The only comment I would make to this is that most people are misunderstanding this plugin. The plugin provided by Apple in Aperture 2.1 is an example, but is not meant to be the definitive way in which the plugin editing works. There has been talk that the plugin architecture will handle RAW files passed to it, for example. Additionally, Dodge & Burn (and everything else available in the current example plugin) is going to be available in a "brick" in the non-destructive editing tab, just like white balance, etc.

I'm not trying to defend Aperture as much as just trying to provide additional information for those that are interested.


----------



## rcannonp (Apr 4, 2008)

I get that the Apple D&B plugin is just a rather small example, but it shows the basic process for how other image editing plugins like Viveza and Noise Ninja would work.
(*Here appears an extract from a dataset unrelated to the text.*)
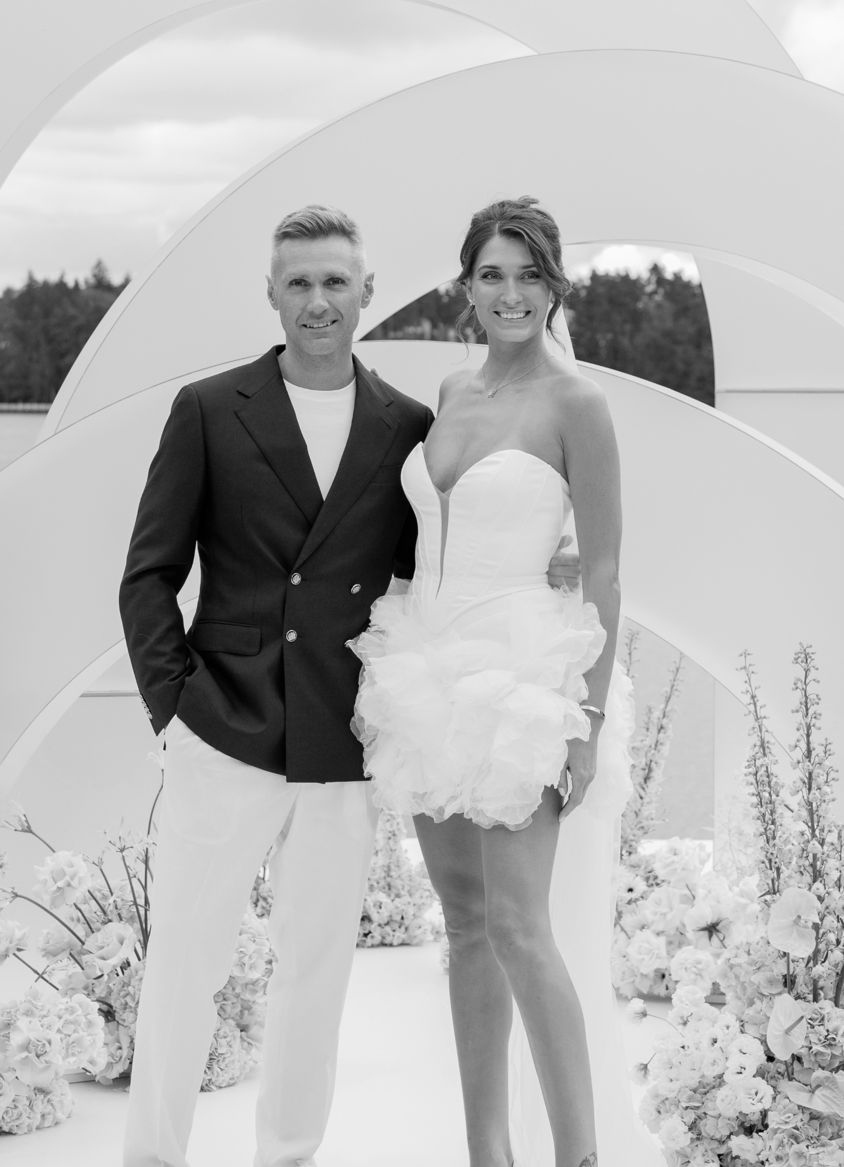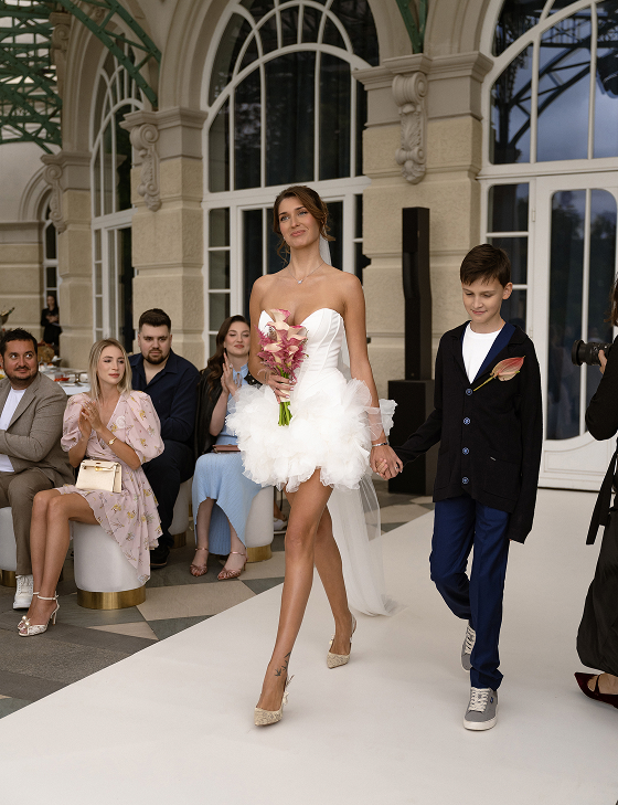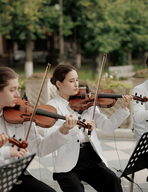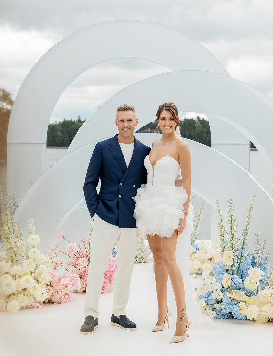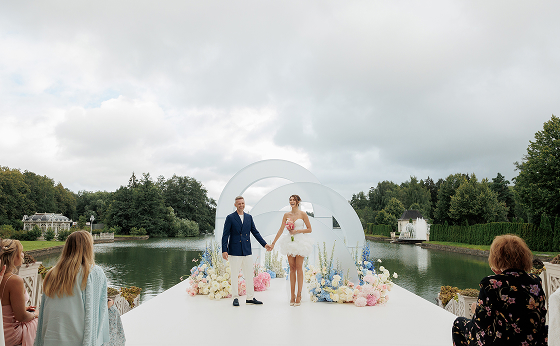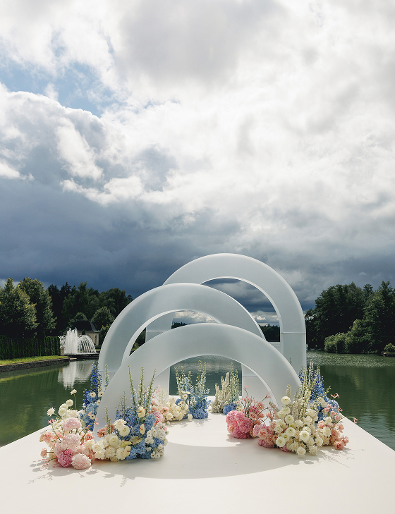 Вечер начался с welcome в классическом стиле: воздушные полупрозрачные арки, пышная флористика и живая музыка оркестра стали метафорой чистоты и трепета их любви. Церемония сопровождалась закадровым голосом, и среди пейзажей Villa Rotonda происходило главное — рождение новой семьи.

It's a destructive editing process outside of Aperture's built in adjustments. The article suggests the possibility to create non-destructive plugins, but none of the announced plugins work this way. I just think that if I have to process out a file to send it to Viveza, I might as well send it to Photoshop to be applied to a smart object there.

If 3rd party raw converters(ACR???) can be incorporated into Aperture's plugin architecture, it will be interesting to see how bringing the file back into Aperture is dealt with, especially if you wouldn't have to process out a tiff to make the round trip. I bet that it won't work that way though.


----------